There are, of course, a few meats, as is customary when a guest with little love of seafood has been brought on board by a group of friends.
The meal
I arrive right on time for my reservation. The welcome is decent, but hardly in keeping with the establishment’s supposed standing. I’m quickly ushered to a table, and the waitress who takes care of me looks more like an old Parisian bistro owner whose voice and physique have been worn down by all kinds of excess, not to mention the colloquial attitude that goes with it.
As I settle in, she asks me if I’d like some water, to which I reply in the affirmative.
Another waitress comes by two minutes later and asks me if…I’d like some water.
Three minutes later a third lady comes by, hands me the menu and asks if I’d like…water.
I point out that this is the third time I’ve asked for it, but that in the end it’s not the number of orders taken that counts, but the fact that a bottle ends up on my table. She takes it with a smile.
On the other hand, nobody asked me if I wanted an aperitif…so I won’t be ordering one for fear that it will arrive with the dessert.

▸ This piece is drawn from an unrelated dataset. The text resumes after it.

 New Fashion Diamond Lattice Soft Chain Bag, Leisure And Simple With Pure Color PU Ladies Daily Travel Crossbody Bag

I’ll start with the Manta oysters, served with a Cabernet Sauvignon mignonette.
It’s a good thing they’re served with their own wine, because at this stage no one has asked me if I’d like some…
They’re rather small but decent. However, if you’re wondering what differentiates “Manta” oysters from normal oysters, I think it’s the homemade sauce, and I’m a bit puzzled by this one. Very strong on the nose, it’s only moderately perceptible on the palate, with a sweet taste that doesn’t convince me.

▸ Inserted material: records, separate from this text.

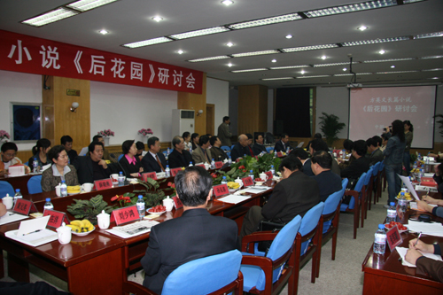 西安工大人文學院院長、陳忠實當代文學研究中心常務副主任、青年評論家馮希哲最后做總結發言。他首先介紹了本校地域文學與文化方向近兩年取得的學術成果,然后提出自己的意見,認為《后花園》是繼“陜軍東征”后,最有實力的作品之一,也是近兩年陜西作家群創作佳作疊出,在“井噴”現象中,最能代表陜西作家群創作實力和探索成果的一部具有研究價值和閱讀意義的優秀作品。他還從《后花園》文本所呈現出的多層隱喻闡釋切入,認為這部作品所呈現的話語姿態,為新時期以來知識分子敘事文本富有有個性和咀嚼性的東西,是個新動向,應當引起評論界的關注。作品沒有著力去追求人物形象的典型化、矛盾發展的復雜化和敘事的嚴密邏輯性,而以詼諧幽默的言語方式通過宋隱喬的“尋夢”,營造出交錯復雜的時空來結構一個非主流價值主導,其中隱涵著豐富喻指性的意義世界。男主人公宋隱喬在偶然中的帶有傳奇色彩的經歷與感受、心態,并不完全是為了情節需要,他撕下了道德袈裟,用自訴與自為的行為反叛了新時期以來知識分子形象要么崇高要么被壓抑要么變異的傳統,還原了知識分子人性的本來面目和內質結構,喻示出浮世中以宋隱喬為代表的青年知識分子精英在傳統與現代、現代與后現代文化嬗變中,人性的放逐與守成、精神的迷失與眷念、道德的失范與重建的矛盾性與復雜性,這恰恰是當下的青年知識分子所面臨的群體性文化心態具有共適性的迷惘癥所在。同時作者智慧機巧地運用似乎錯亂的時空背景來揭示造成如此尷尬背后的政治、經濟、文化等諸多方面的潛在因素。雖然作者潛意識想塑造一位水一樣美,集古典與現代、高雅與樸素等美德于一身,美侖美奐的女性羅云衣,但其理想化指向并未能代替楚朝亭在太陽下晾曬心理的隱痛,用靈魂“追趕太陽”的暗喻性。文本中的“后花園”豈止是自然中的“后花園”,更是價值沖突中人類精神失落尋尋覓覓當中的“靈魂后花園”。他最后強調,如果用傳統的接受眼光和心態把握這部作品,不深入到文本的內在意義世界,無形中會使《后花園》的價值本體受損,更難以接近文本最隱秘的真實意圖。
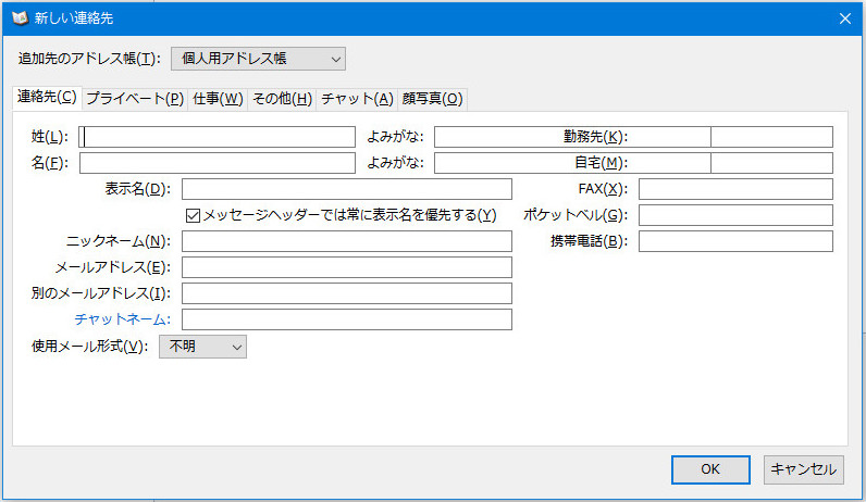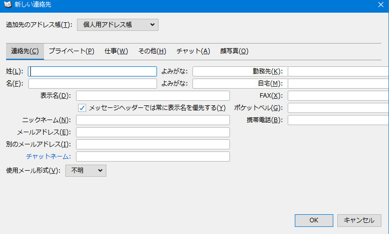 Thunderbird 78にアップデートをしてからアドレス帳の新しい連絡先の
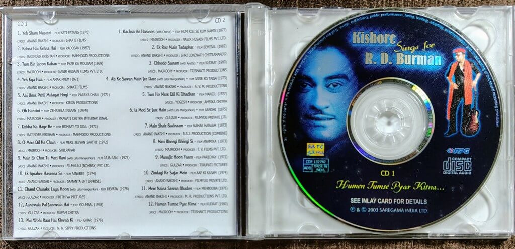 | Album Summary | : | A definitive tribute to the legendary partnership of Kishore Kumar and R. D. Burman, this double-CD compilation brings together timeless classics spanning romance, introspection, and melodic brilliance. From evergreen chartbusters like Yeh Shaam Mastani and O Mere Dil Ke Chain to the iconic title track Humen Tumse Pyar Kitna, the album is a must-have for classic Bollywood music collectors. |
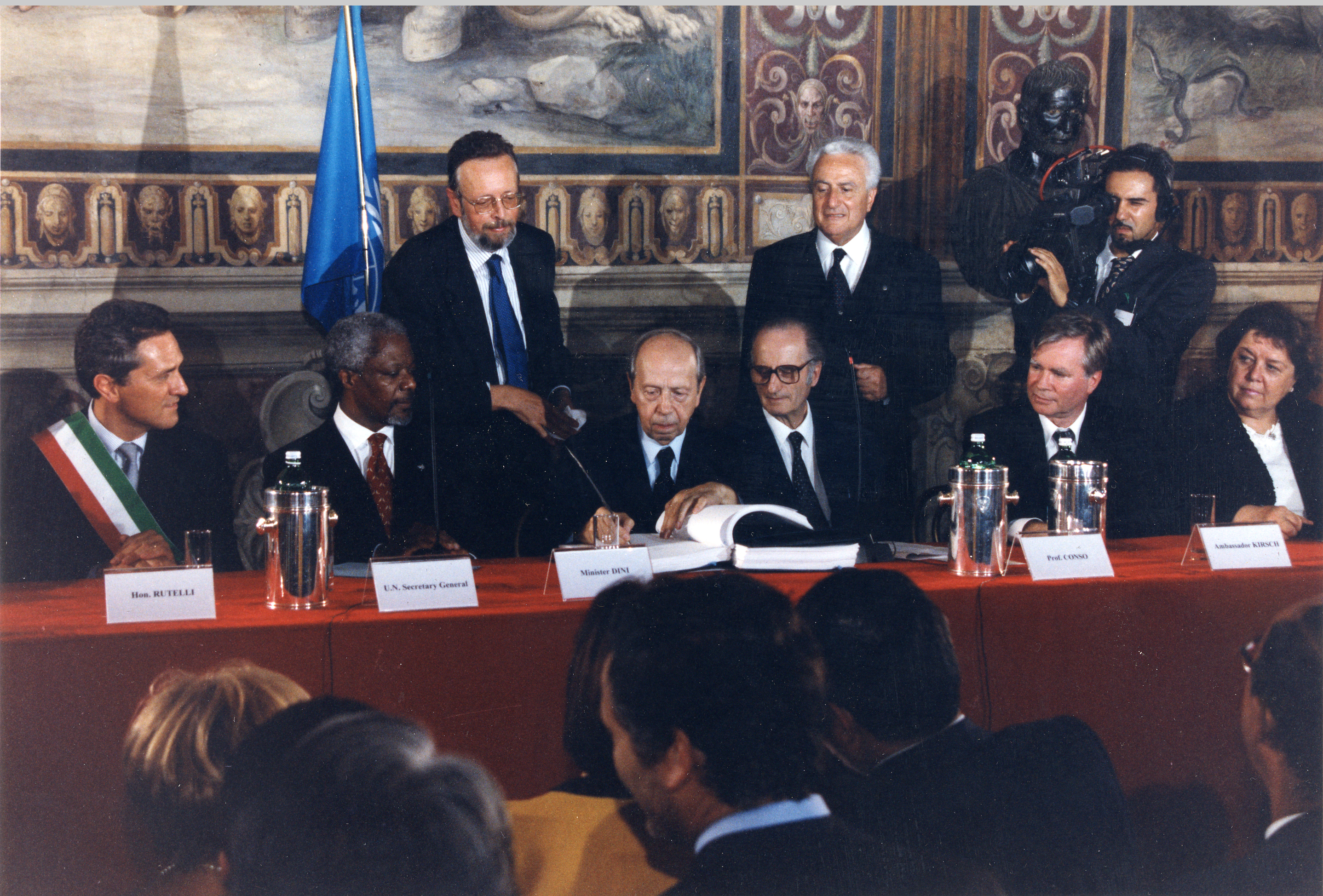 Lamberto Dini, Président du Conseil de la République italienne, signe le Statut de la CPI lors de la Conférence diplomatique de Rome. (C) Nations Unies
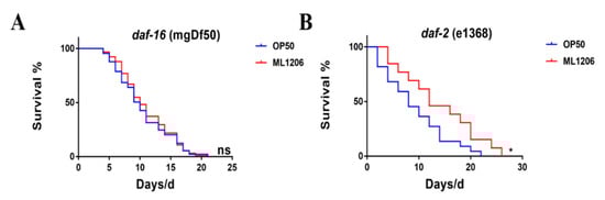 Effect of ML1206 on the lifespan of DAF-16 and DAF-2 mutants: (A) lifespan of GR1307 DAF-16 (mgf50) strain fed with ML1206 and OP50; and (B) lifespan of DR1572 DAF-2 (e1368) strain fed with ML1206 and OP50. The numbers of nematodes were calculated in Kaplan–Meier diagrams, and statistical significance was evaluated by the log-rank test. p < 0.05 is considered statistically significant. (*: p < 0.05; ns: p > 0.05).
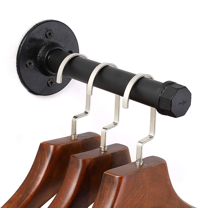 - Unique & Vintage Design: Designed as a black industrial pipe, this clothes hanger holder exudes a unique and vintage aesthetic in your room. The ends are capped, preventing your clothes hanger from sliding off.
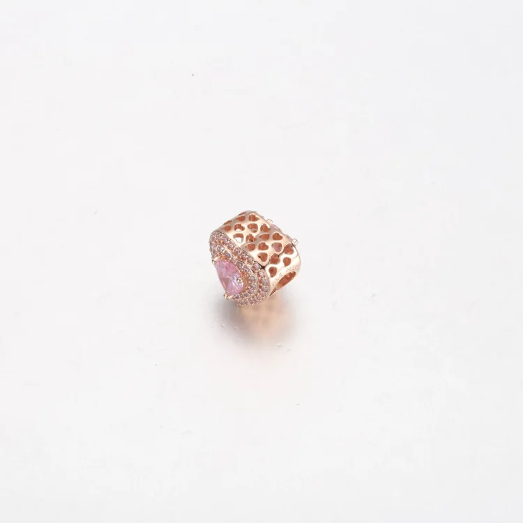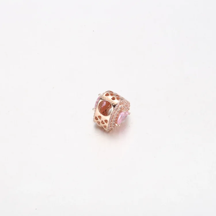 Širite ljubezen z bleščečim obeskom v obliki srca. Obesek iz naše edinstvene mešanice s 14-k rožnato pozlato ima v sredini izbočeno srce, ročno dokončanim kristalom rožnate barve ter dvema obrobama s kristalčki kubičnega cirkona. Ob straneh so izrezljani majhni srčasti vzorčki. Na bleščeč način se poklonite ljubezni in dodajte romantiko svojemu stilu s tem obeskom. Ta kos nakita podarite osebi, ki vam je zares blizu.
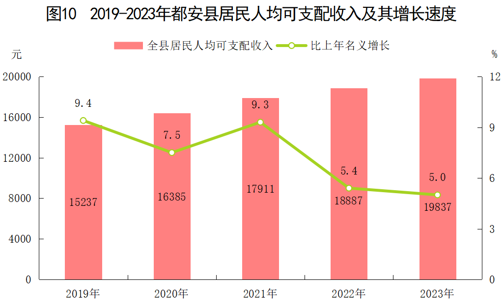 全年全縣居民人均可支配收入19837元,比上年名義(下同)增長5.0%。按常住地分,城鎮(zhèn)居民人均可支配收入30862元,比上年增長3.1%;農村居民人均可支配收入12672元,增長7.3%。城鄉(xiāng)居民人均收入比為2.44:1,比上年縮小0.09。

Until proven otherwise, nothing has been done better than good old shallot sauce….
It’s time for the main course. It’s the first waitress who brings it to me, and when I speak of familiarity…of course in English we say “you”, but the intonation suggests a French “tutoiement” …and the “darling” is out of place.
Signature” blue crab lasagne, shellfish bisque
Not bad at all. It’s light, and the bisque is just right. I rummage through the dish and find a substantial amount of crab: many properties cheat on this point, but this is not one of them.

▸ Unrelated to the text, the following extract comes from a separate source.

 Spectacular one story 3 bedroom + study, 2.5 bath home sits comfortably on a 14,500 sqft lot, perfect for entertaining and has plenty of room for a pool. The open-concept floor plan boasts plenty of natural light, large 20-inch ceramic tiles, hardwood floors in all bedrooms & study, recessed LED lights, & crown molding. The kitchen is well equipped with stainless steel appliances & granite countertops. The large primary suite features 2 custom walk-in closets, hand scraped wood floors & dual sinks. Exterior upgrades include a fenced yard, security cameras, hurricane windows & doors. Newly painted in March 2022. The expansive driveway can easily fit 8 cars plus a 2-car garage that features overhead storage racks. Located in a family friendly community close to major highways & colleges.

As the oysters are just an amuse bouche, I’ll continue with a Barramundi with crispy skin, asparagus and Grenoble butter, which will be served after a relatively long wait.
The fish is good and the cooking quite successful, but in the end it doesn’t really matter: it’s the taste of the butter, and therefore of the capers, that predominates. Quite unbalanced in the end.
But when I hadn’t finished my plate, a waitress came by and asked if she could clear the table. I don’t think it’s an incentive to leave, but in my case it was an incentive to skip dessert.
In the end, a decent meal, but nothing exceptional either. Nothing on the plate to reproach, but nothing to compliment either.
The service
I’ve already said enough about it so I don’t need to add to it. It’s generally not a good sign when the dinner report talks more about the service than the dishes.
More generally about this restaurant, I had to deal with 5 different people, and when everyone is looking after a table, no one is looking after it. Evidence if needed.
Atmosphere
None except the electro music from the terrace of the restaurant next door.
Bottom Line
Neither good nor bad, service not up to standard and sometimes familiar attitudes. I know that seafood restaurants are generally more expensive, but the 100 euros charged for this dinner (with a glass of wine) seems a bit exaggerated. Good to know, as these practices are common in Australia, I was charged a 10% surcharge because it was Sunday and a 1.5% surcharge for paying by credit card.
I wouldn’t call it a tourist trap, but it’s still a property that abuses its location.